GameStop's (NYSE:GME) stock recently plummeted after it revealed that its comparable-store sales plunged 24.7% during the nine-week holiday period, marking a nasty deceleration from its 1.5% comps growth a year earlier. Its total quarterly revenue fell 27.5% to $1.83 billion.

GameStop blamed the decline on "overall industry trends impacting the video game industry and driven by an accelerated decline in new hardware and software sales, particularly in the month of De­­­cember."

CEO George Sherman noted that GameStop had "expected a challenging sales environment for the holiday season" as customers delayed their purchases ahead of new console launches in late 2020, but admitted that its sales after Black Friday and throughout December had been "well below" its expectations.

A frustrated woman in a Santa cap places her hands on her head.

Image source: Getty Images.

The lone bright spot was GameStop's growth in Nintendo (OTC:NTDOY) Switch sales during the holidays, which Sherman claims supports the idea that its "sales will strengthen as new consoles and innovative technology are introduced." However, GameStop's weaknesses still outweighed its strengths, and it slashed its comps and earnings guidance for the full year.

It revised its comps guidance from a "high-teens" decline to a 19%-21% decline, and it expects an adjusted net loss for the year -- compared to its prior adjusted earnings forecast of $0.10 to $0.20 per share. That marks the second time GameStop has reduced its full-year guidance over the past 12 months.

Those slippery guidance cuts and GameStop's disastrous holiday sales indicate that the pain isn't over for the struggling video game retailer, which lost nearly 90% of its market value over the past five years as its core business crumbled.

What happened to GameStop?

Over the past decade, GameStop over-expanded its brick-and-mortar presence, recklessly diversified into other markets like mobile devices, consumer electronics, digital games, and collectibles; and failed to keep pace with digital download platforms like Sony's (NYSE:SNE) PlayStation Store, the Microsoft (NASDAQ:MSFT) Store, and Valve's Steam.

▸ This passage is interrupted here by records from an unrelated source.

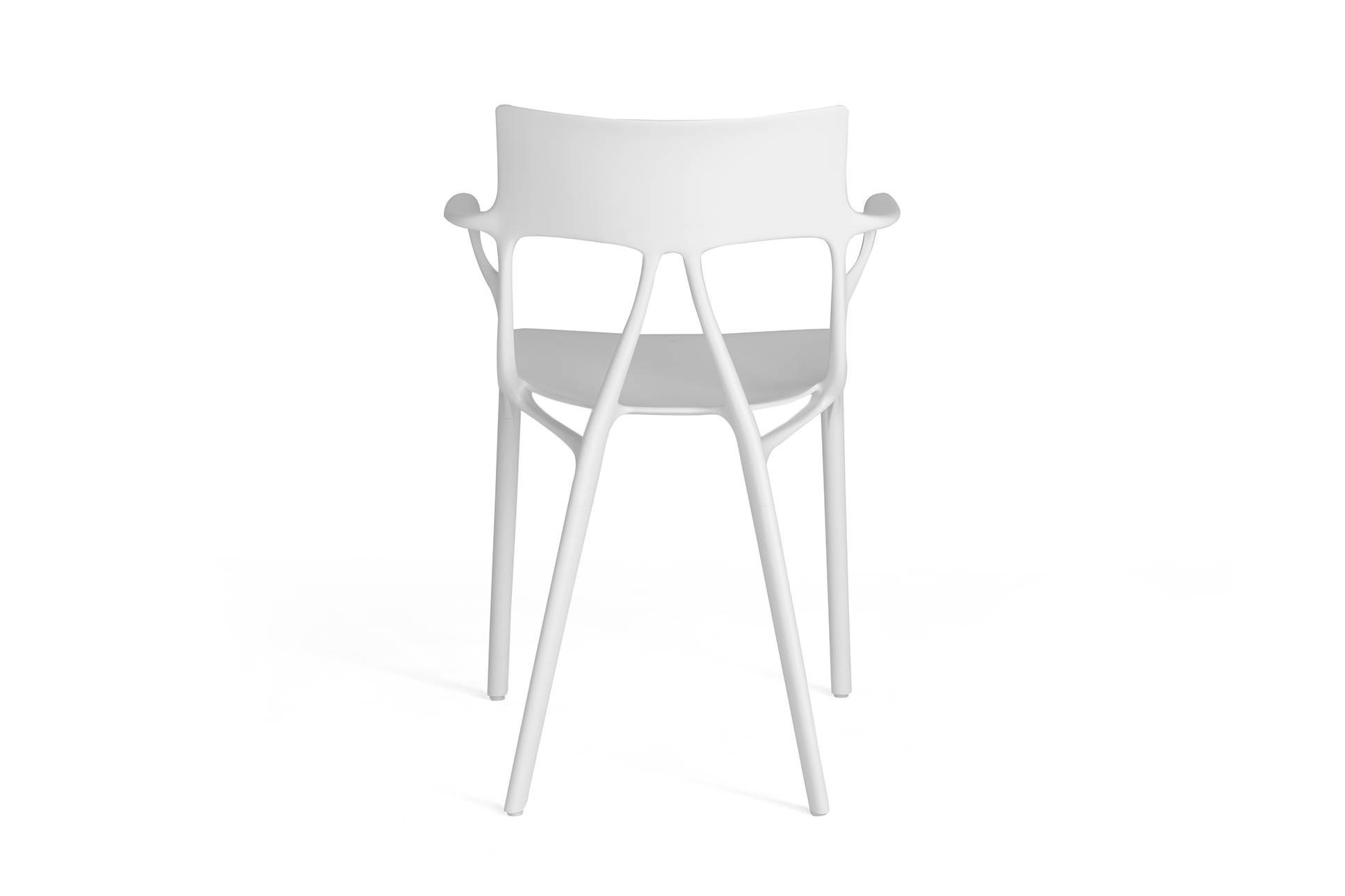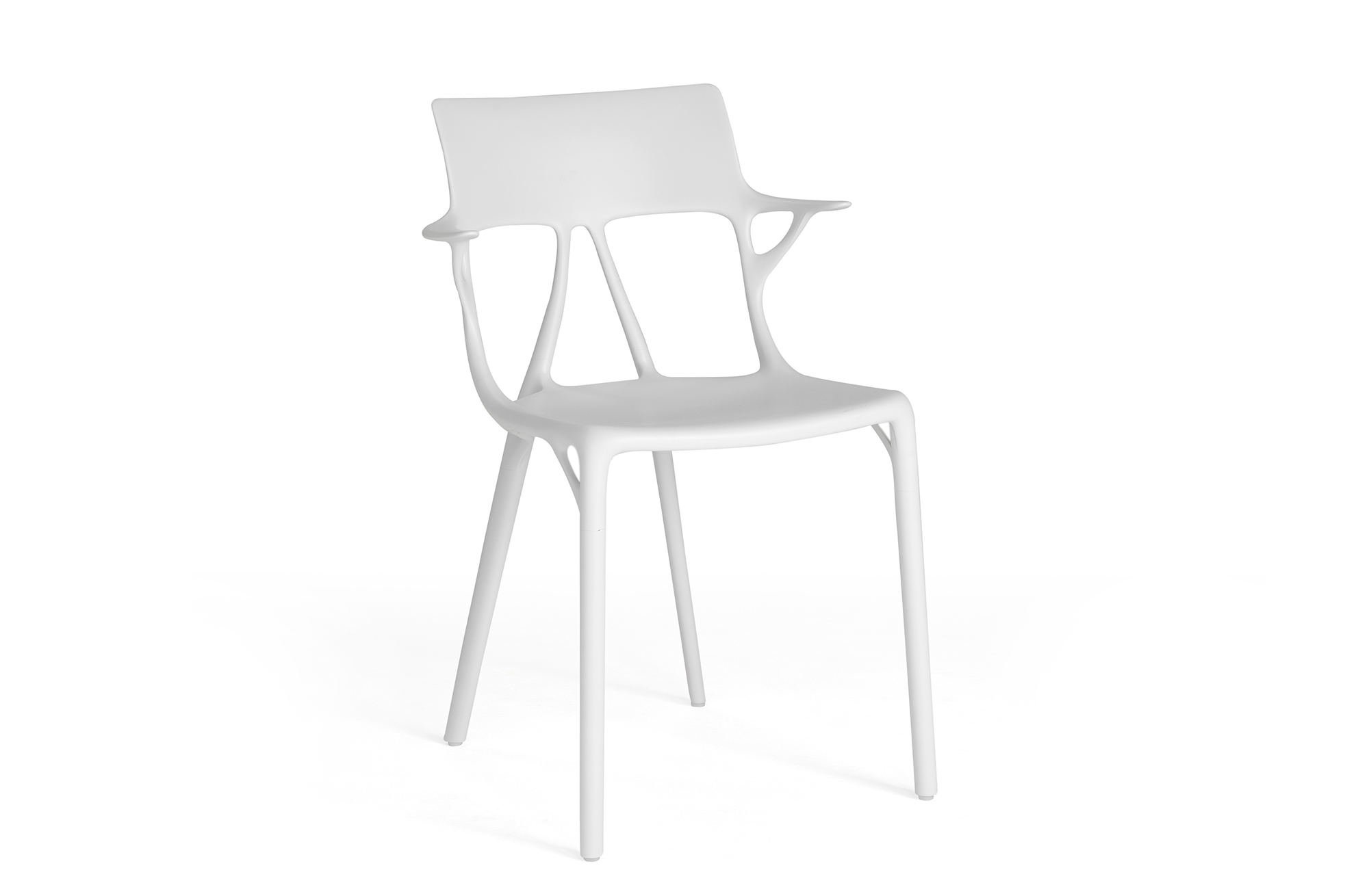 De Kartell A.I. Chair is een duurzaam gemaakte stoel van gerecycled materiaal en het mooie is, de stoel is zelf ook weer te recyclen. Ontwerper Philippe Starck heeft met kunstmatige intelligente (Artificial Intelligence) deze A.I. Chair ontworpen en is hiermee een duurzame kant ingeslagen. Deze stoel is binnen en buiten te gebruiken. Zo past de Kartell A.I. Chair goed in vergaderruimtes, openbare (wachtruimtes) en horecagelegenheden zowel binnen als op het terras buiten.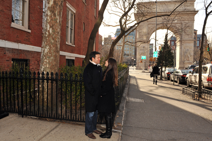 Rachel and Dean had their engagement photo session in Washington Square Park on December 29, 2011. They will be getting married soon in January at Bridgewaters which is located at the South Street Seaport in NYC. Take a look at a couple photos we liked from their shoot!
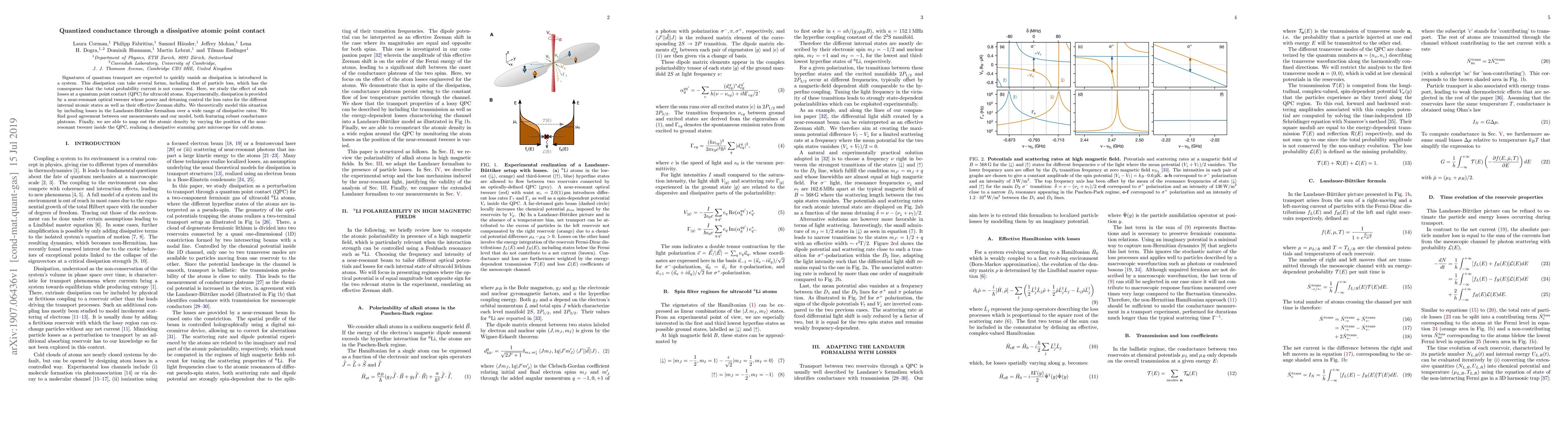 This paper investigates quantized conductance through a dissipative atomic point contact, demonstrating robust conductance plateaus despite particle loss. The study combines experimental control using a near-resonant optical tweezer and theoretical modeling within the Landauer-Büttiker formalism, achieving agreement between measurements and predictions.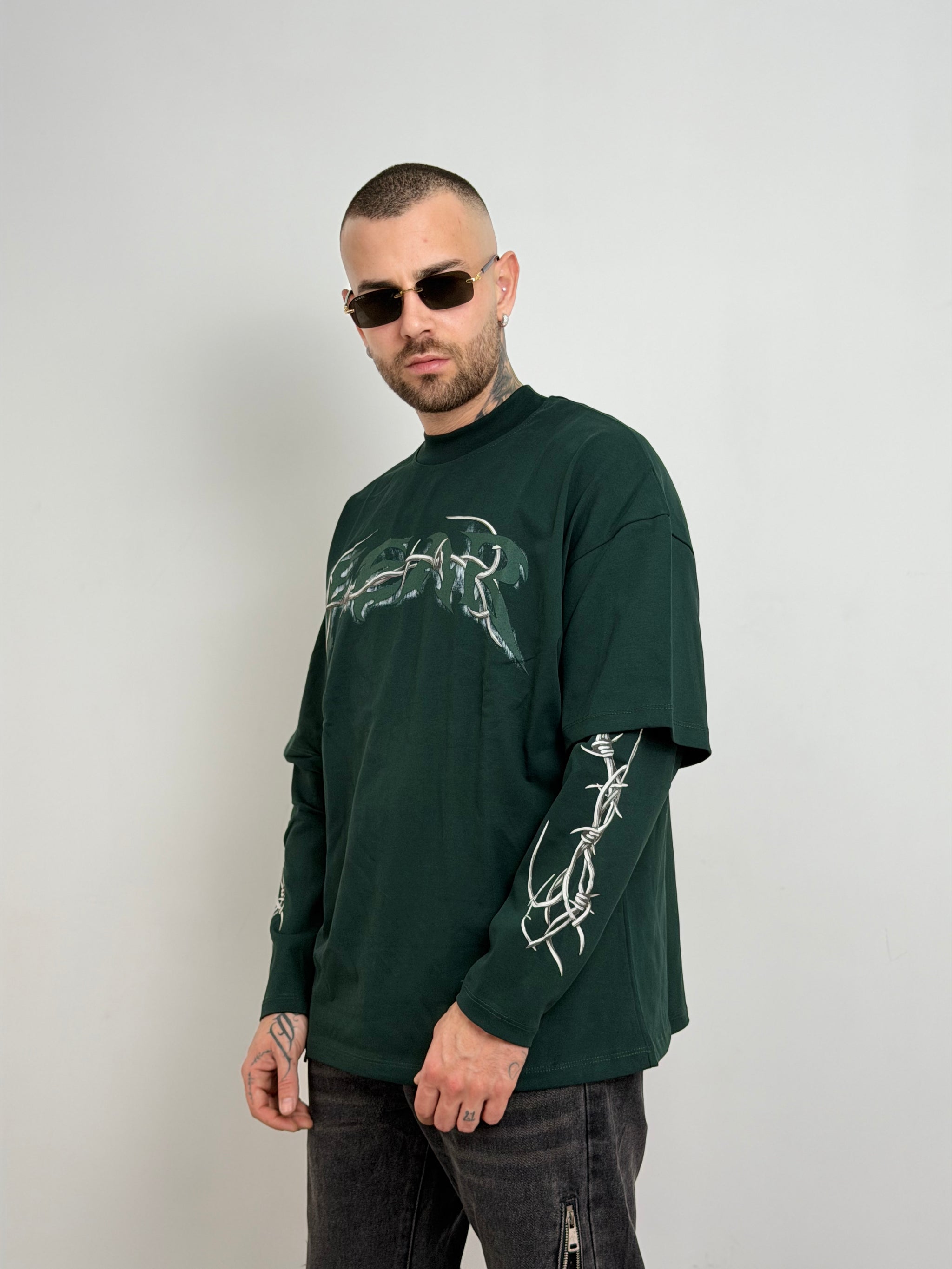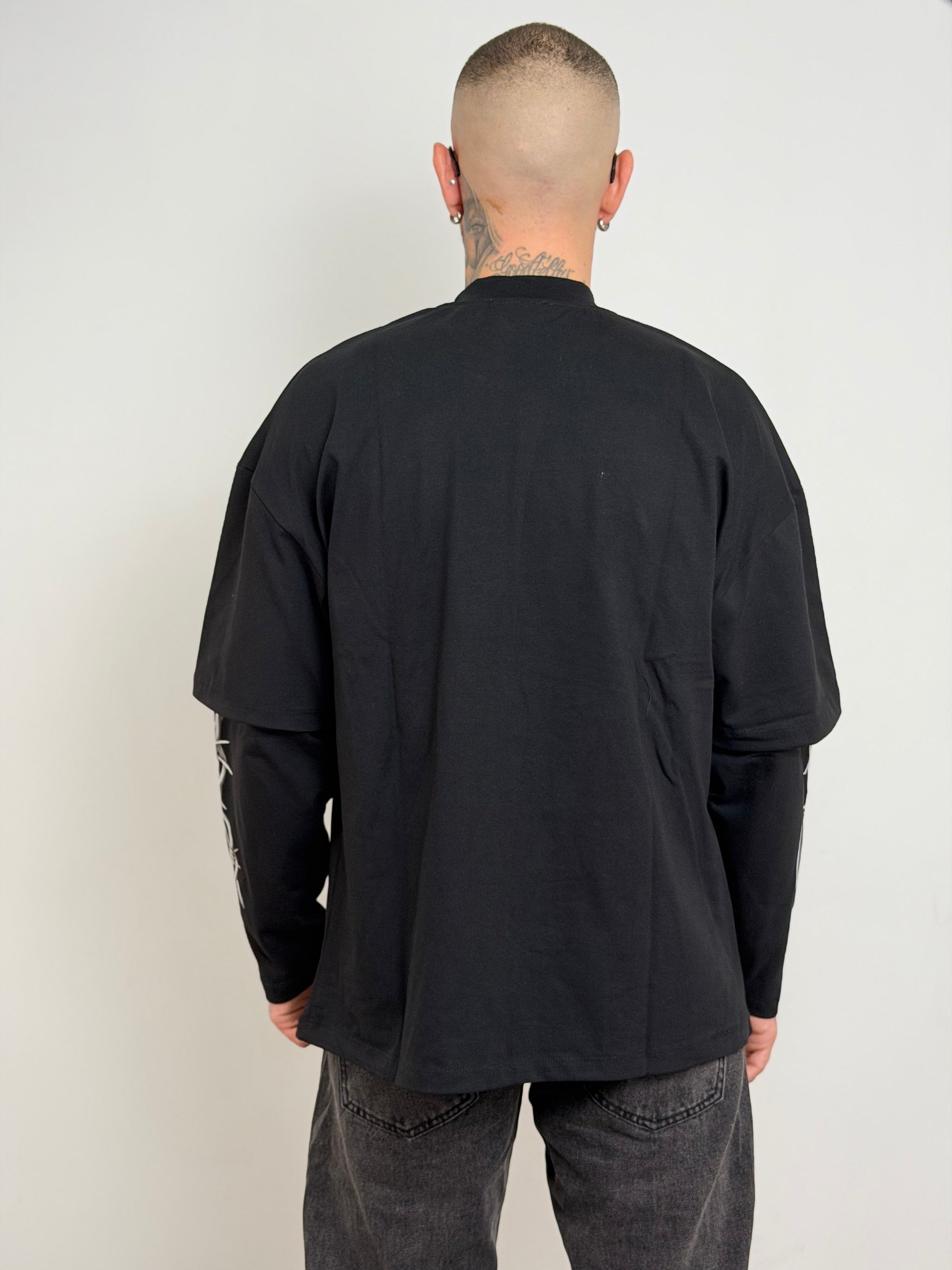 t-shirt doppia manica con stampa a contrasto

It was also led by three CEOs over the past two years. Paul Raines, who led the retailer since 2010, resigned due to health issues and passed away in early 2018. Michael Mauler was appointed as his successor in Feb. 2018, but resigned just three months later. The CEO position was left vacant until last March when George Sherman took the job.

Those jarring management shifts occurred as console sales decelerated and digital download platforms gutted GameStop's core business of new and pre-owned software. Publishers generated higher margins by selling digital games instead of physical ones since they didn't require packaging, manuals, or optical discs. With fewer physical games in circulation, GameStop's pre-owned software business -- which relied on trade-ins -- faltered. Sluggish mall traffic exacerbated the pain.

GME Revenue (TTM) Chart

Source: YCharts

Sony and Microsoft also took steps to cut GameStop and other retailers out of the loop. Sony barred all third-party retailers from selling digital download codes for its PS4 games last year, while Microsoft launched a disc-free version of its Xbox One S. Sony's PS5 and Microsoft's Xbox Series X will still include disc drives, but both companies could launch cheaper disc-free versions as they expand their cloud gaming services.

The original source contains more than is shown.